#### Action item
With images removed, return the whole listing exactly as written.

#### Stored data
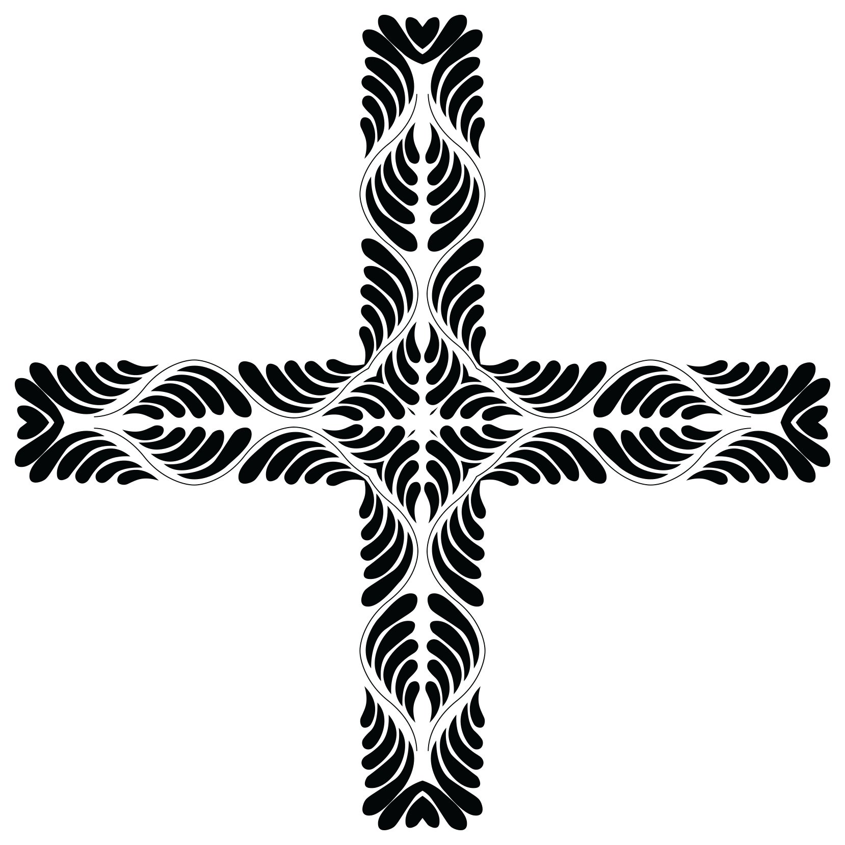 This features a cross with an intricate design, showcasing a combination of black and white elements. The cross is adorned with a pattern that includes leaves and other decorative shapes, creating a visually appealing and artistic representation. The contrast between the black and white colors adds depth to the design, making it stand out against its background. This unique cross design can be appreciated for both its aesthetic appeal and symbolic meaning.
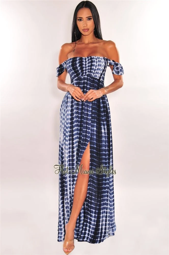 Deliver flirty chic vibes in our tie dye print maxi dress. Featuring fun ruffle straps may be worn off shoulder and a smocked bust design on a flowy slit maxi silhouette.
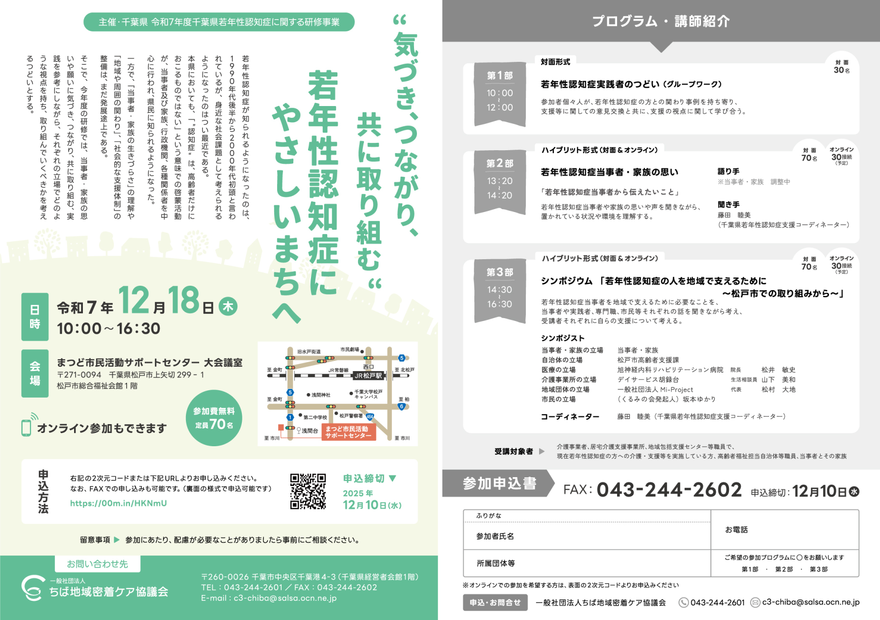 ちば地域密着ケア協議会より令和7年度若年性認知症に関する研修事業

#### Reply
 This features a cross with an intricate design, showcasing a combination of black and white elements. The cross is adorned with a pattern that includes leaves and other decorative shapes, creating a visually appealing and artistic representation. The contrast between the black and white colors adds depth to the design, making it stand out against its background. This unique cross design can be appreciated for both its aesthetic appeal and symbolic meaning.
 Deliver flirty chic vibes in our tie dye print maxi dress. Featuring fun ruffle straps may be worn off shoulder and a smocked bust design on a flowy slit maxi silhouette.
 ちば地域密着ケア協議会より令和7年度若年性認知症に関する研修事業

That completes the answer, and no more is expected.